Let’s start with validating a basic configuration:
import pointblank as pb
# Define a basic YAML validation configuration
yaml_config = '''
tbl: small_table
steps:
- rows_distinct
- col_exists:
columns: [a, b]
'''
# Validate the configuration: no exception means it's valid
pb.validate_yaml(yaml_config)
print("Basic YAML configuration is valid")
Basic YAML configuration is valid
The function completed without raising an exception, which means our configuration is valid and follows the expected structure.
Now let’s validate a more complex configuration with thresholds and metadata:
# Complex YAML configuration with all optional fields
yaml_config = '''
tbl: small_table
tbl_name: My Dataset
label: Quality check
lang: en
locale: en
thresholds:
warning: 0.1
error: 0.25
critical: 0.35
steps:
- rows_distinct
- col_vals_gt:
columns: [d]
value: 100
- col_vals_regex:
columns: [b]
pattern: '[0-9]-[a-z]{3}-[0-9]{3}'
'''
# Validate the configuration
pb.validate_yaml(yaml_config)
print("Complex YAML configuration is valid")

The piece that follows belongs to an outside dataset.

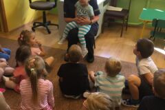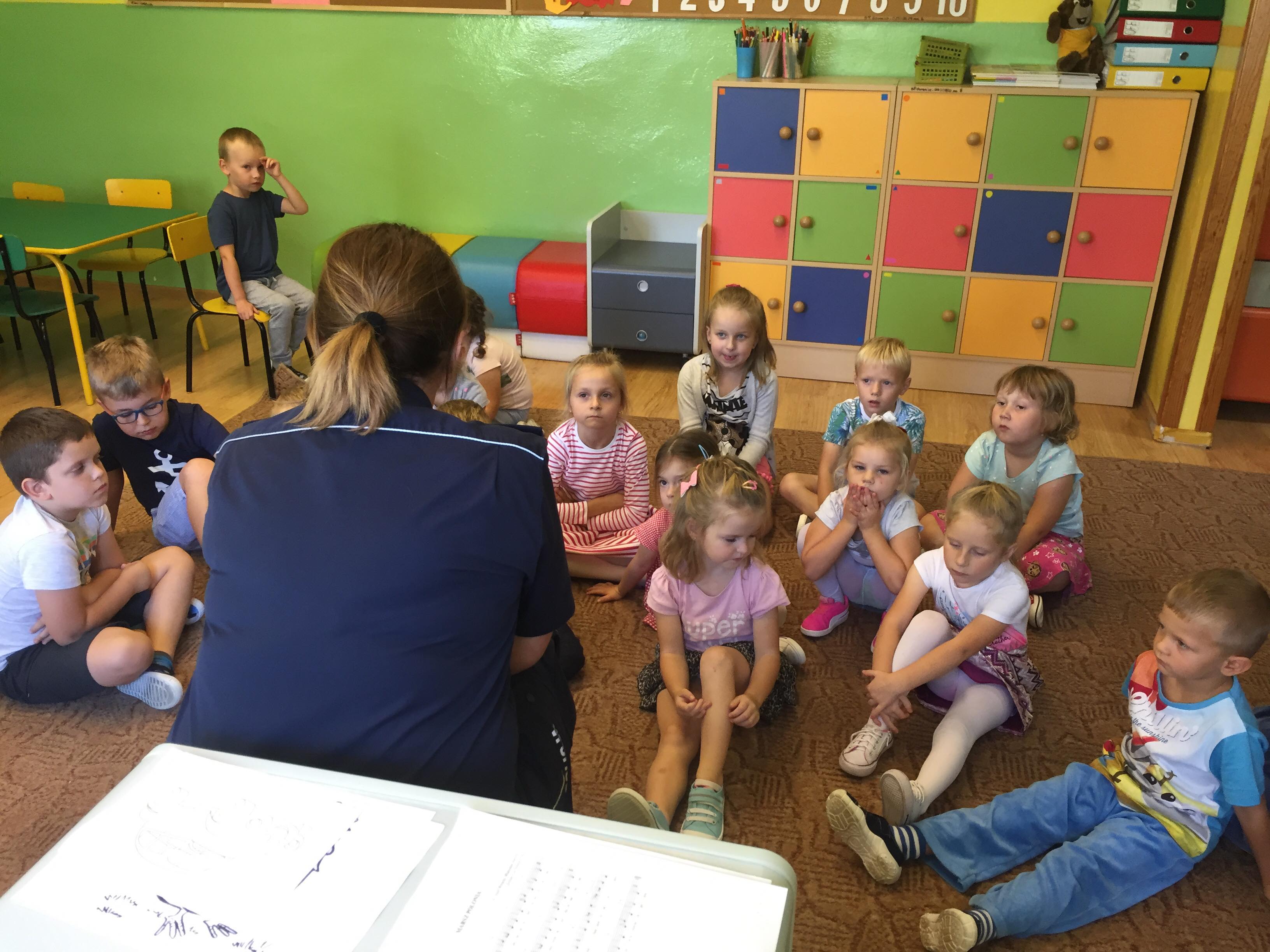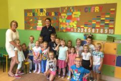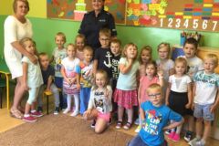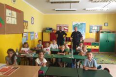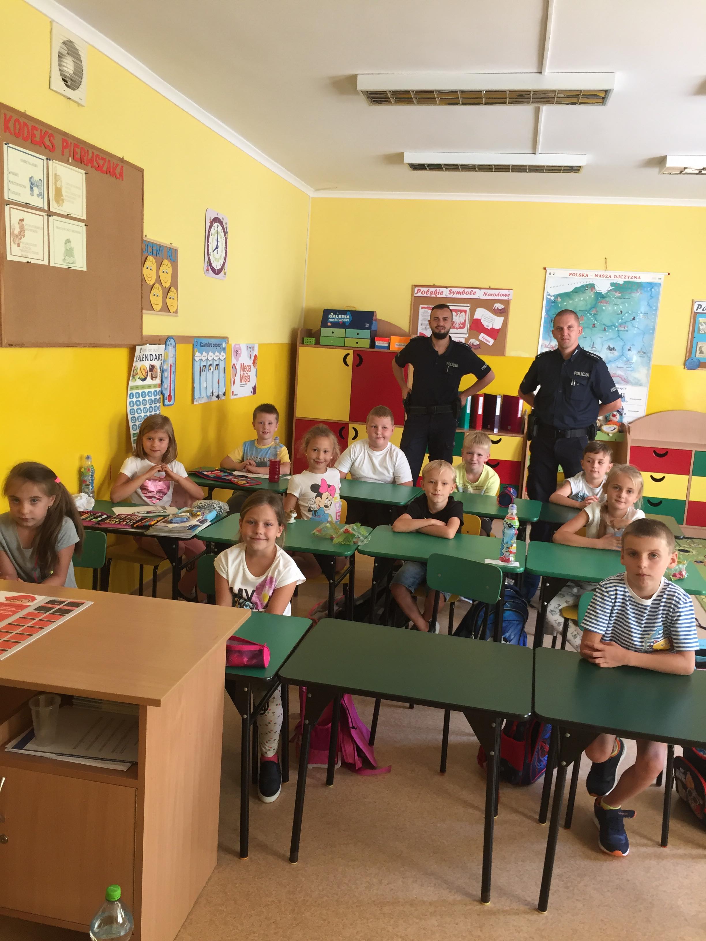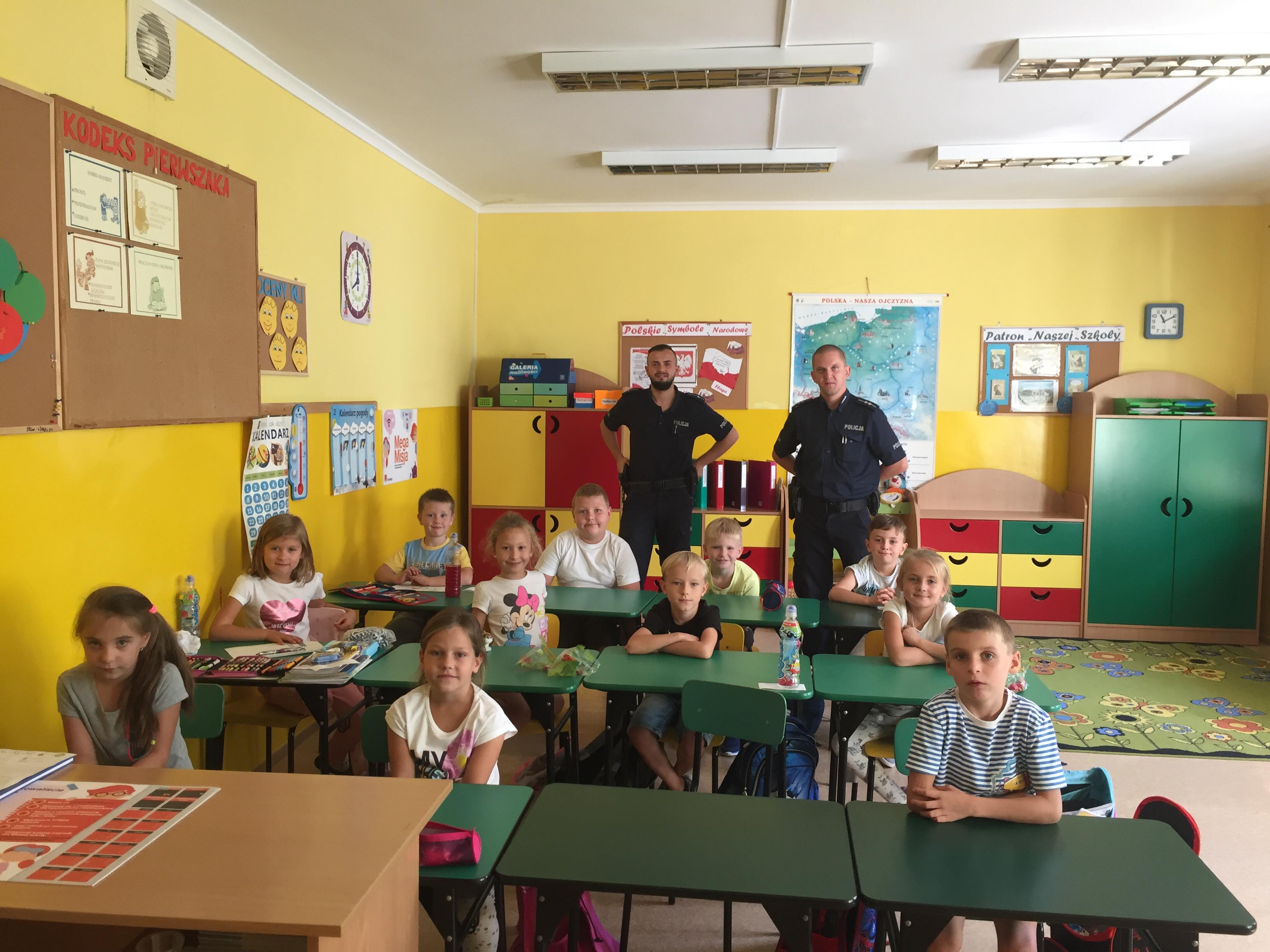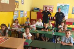 W dniu 19 września nasza szkołę odwiedzili policjanci z Komendy Powiatowej Policji w Olkuszu. Policjanci podczas spotkania przekazali uczniom klasy I i II oraz dzieciom oddziału przedszkolnego zasady bezpiecznego poruszania się po drodze; zasady prawidłowego przechodzenia przez drogę oraz poruszono kwestię używania elementów odblaskowych, które poprawiaja widoczność pieszych

# Count the validation steps
import pointblank.yaml as pby
config = pby.load_yaml_config(yaml_config)
print(f"Configuration has {len(config['steps'])} validation steps")

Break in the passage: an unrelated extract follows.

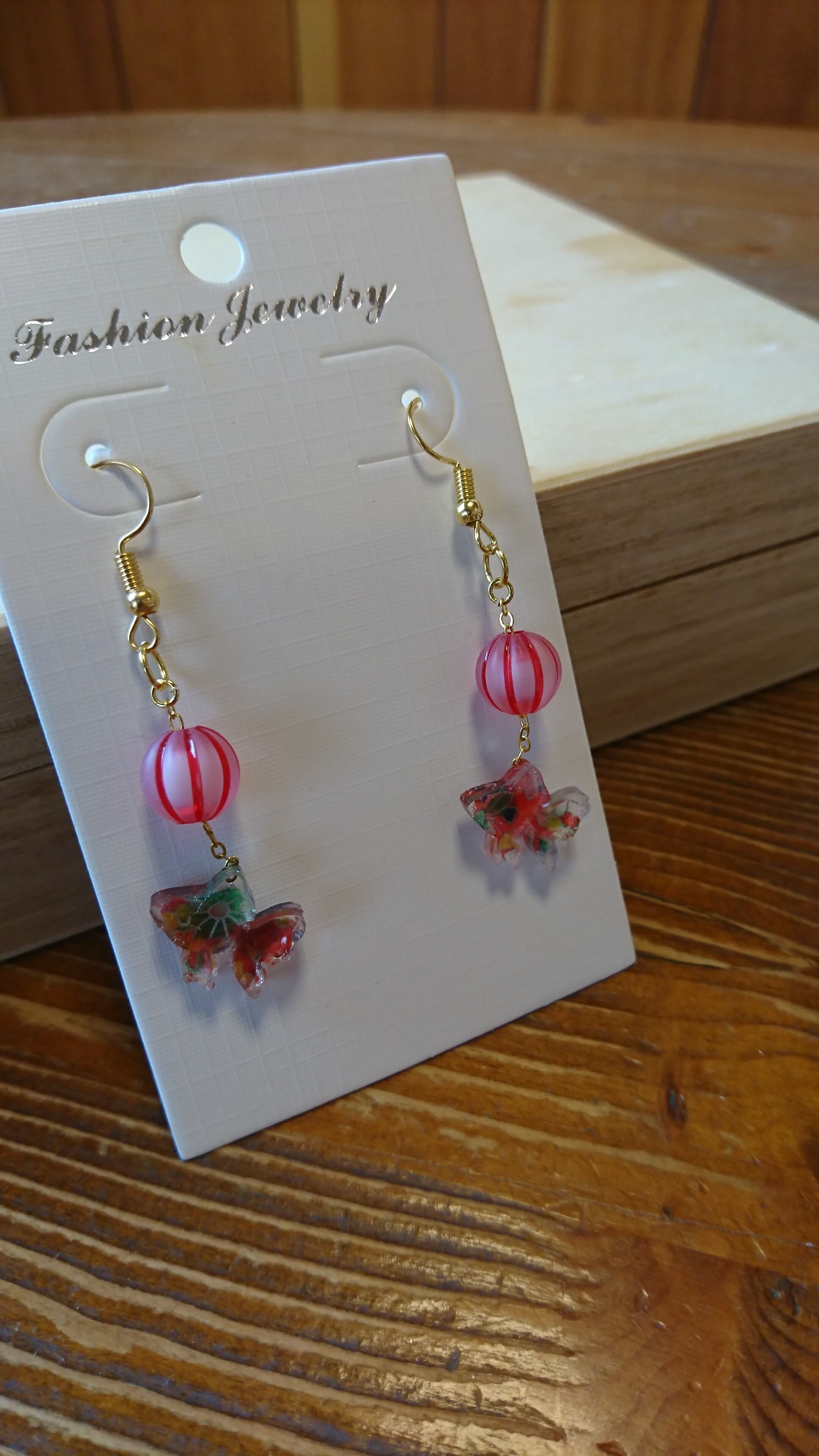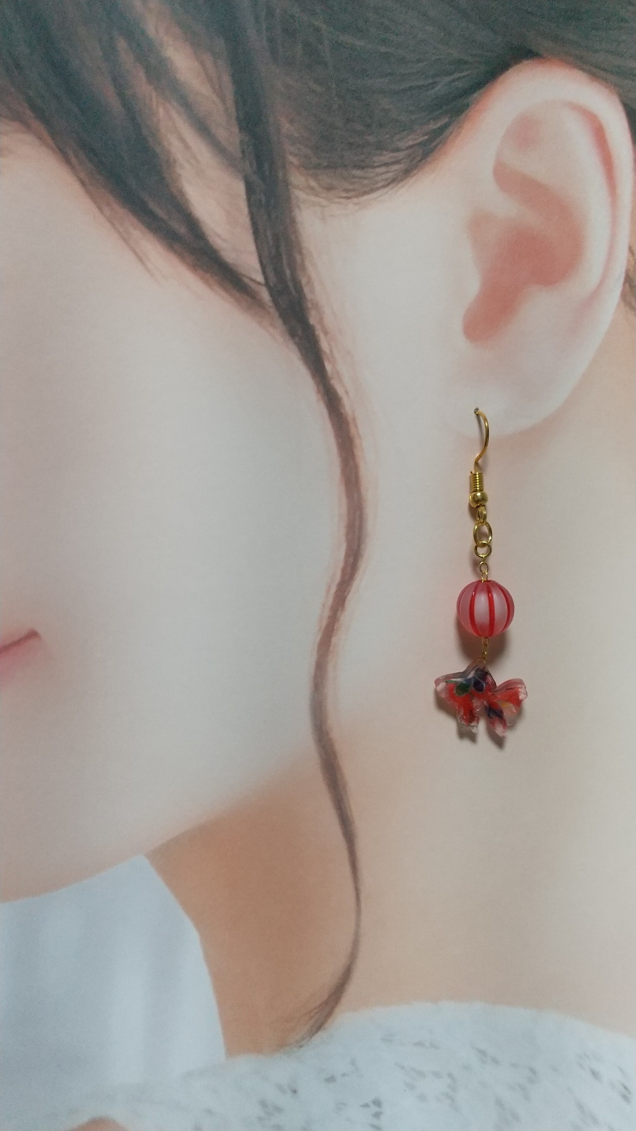 赤のビーズと金魚が祭りっぽくて可愛らしい一品となってます。

Complex YAML configuration is valid
Configuration has 3 validation steps
This configuration includes all the optional metadata fields and complex validation steps, demonstrating that the validation handles the full range of supported options.

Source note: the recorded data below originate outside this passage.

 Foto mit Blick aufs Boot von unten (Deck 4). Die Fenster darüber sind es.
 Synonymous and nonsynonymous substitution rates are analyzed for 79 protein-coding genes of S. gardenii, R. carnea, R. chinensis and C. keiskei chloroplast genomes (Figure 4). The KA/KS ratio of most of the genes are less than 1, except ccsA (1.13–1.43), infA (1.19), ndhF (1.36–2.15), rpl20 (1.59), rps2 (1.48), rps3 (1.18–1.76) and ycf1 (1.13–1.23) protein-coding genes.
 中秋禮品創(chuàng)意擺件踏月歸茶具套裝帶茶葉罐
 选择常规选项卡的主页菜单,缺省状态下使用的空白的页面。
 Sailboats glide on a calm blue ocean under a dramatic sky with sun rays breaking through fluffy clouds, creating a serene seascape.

Let’s see what happens when we try to validate an invalid configuration:
# Invalid YAML configuration: missing required 'tbl' field
invalid_yaml = '''
steps:
- rows_distinct
'''
try:
pb.validate_yaml(invalid_yaml)
except pb.yaml.YAMLValidationError as e:
print(f"Validation failed: {e}")
Validation failed: Error loading YAML configuration: YAML must contain 'tbl' field
The validation correctly identifies that our configuration is missing the required 'tbl' field.
Here’s a practical example of using validation in a workflow builder:
def safe_yaml_interrogate(yaml_config):
"""Safely execute a YAML configuration after validation."""
try:
# Validate the YAML configuration first
pb.validate_yaml(yaml_config)
print("✓ YAML configuration is valid")
# Then execute the workflow
result = pb.yaml_interrogate(yaml_config)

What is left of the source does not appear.